Sometimes a food item under rabbinical supervision claims on its package label not only to be under that supervision but also to contain only yashan grain, or to not contain sh'ruya, or to contain only chalav Yisrael, or to be m'vushal (if wine). I've always assumed that the agency whose certification mark appears on the package is also attesting to the other claim; but is that true, or does the certification mark only signify kashrus, with the other claims being only the manufacturer's?

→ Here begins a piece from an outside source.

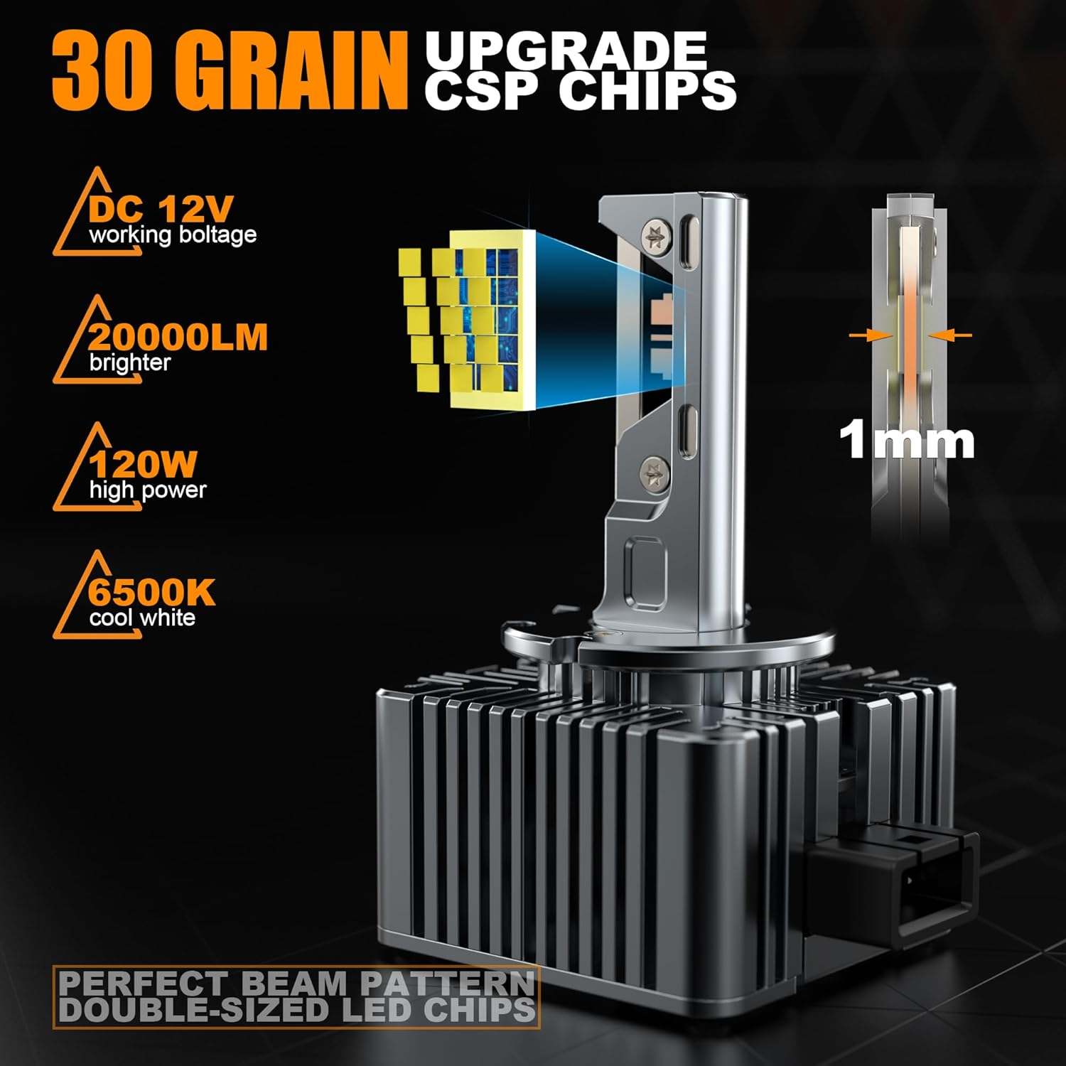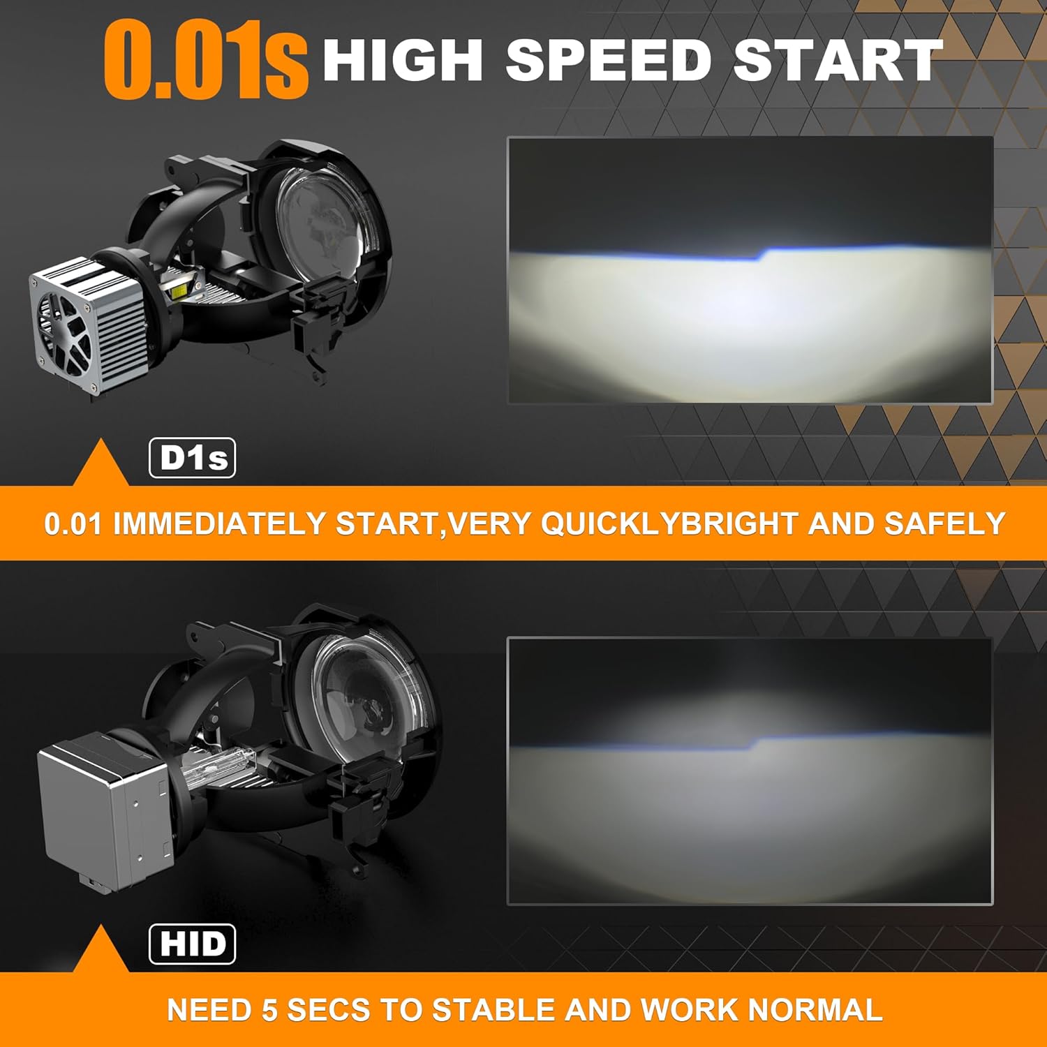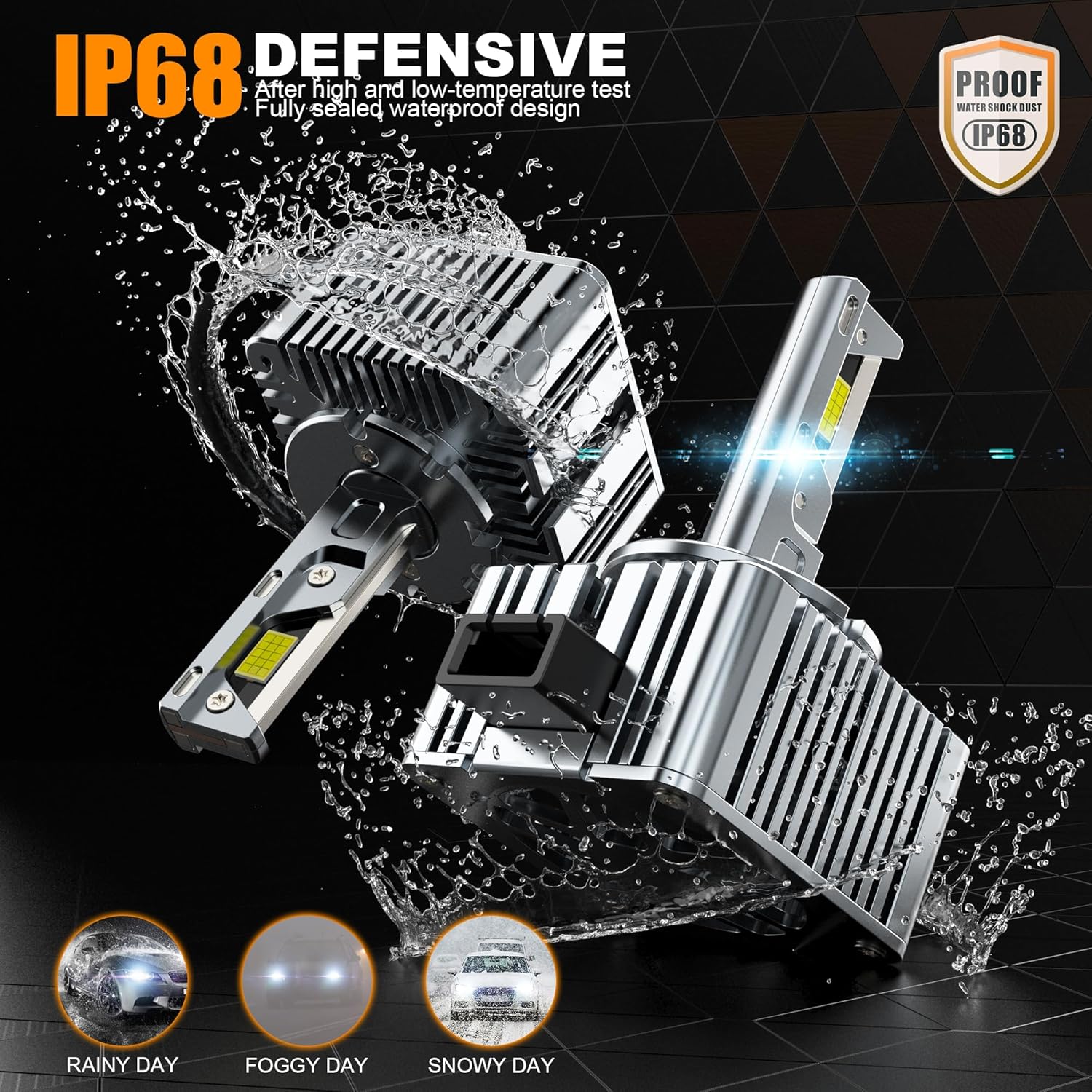 360 degree light increases visibility and durability: focused light beam, no dark spots and no blinding oncoming drivers. Perfect light beam, 360 degree illumination for optimal visibility. Long-lasting D1S LED bulb, over 50,000 hours, and a 18,000 RPM silent cooling fan with a lifespan of 50,000 hours. IP68 waterproof rating prevents water, snow, moisture and dust from entering.

  • Similar: judaism.stackexchange.com/q/9798
    – msh210
    Commented Feb 25, 2013 at 5:00
  • I'll bet that different agencies have different policies with respect to this issue. </serious> (Note that if the manufacturer opts to use the O-Cmon, the answer to this "Says who?" is naturally the same as the one regarding the kashrut.)
    – Isaac Moses
    Commented Feb 25, 2013 at 16:16
  • @IsaacMoses I titled this post with that hechsher in mind.
    – msh210
    Commented Feb 25, 2013 at 16:42

1 Answer 1


I e-mailed the Orthodox Union as follows:

If an OU-certified product claims to be yashan, or m'vushal, or non-gebrokts, or chalav Yisrael, or the like, then does the OU certify the product as having that status, or is that status only the manufacturer's own claim?

Their reply was, in summary, that if the claim is "connected to" (their words) the "OU" mark, then the OU certifies that the claim is true, but if the claim is elsewhere on the packaging or label, then the OU doesn't certify that the claim is true.

  • There's an OU mp3 on cheese where they discuss a certain chumra regarding Jews adding rennet -- maybe a different stage than the main rennet, or with regards to cottage cheese? I don't remember. They said if the product is OU chalav yisrael, then customers expect this chumra as well, so the OU insists on it.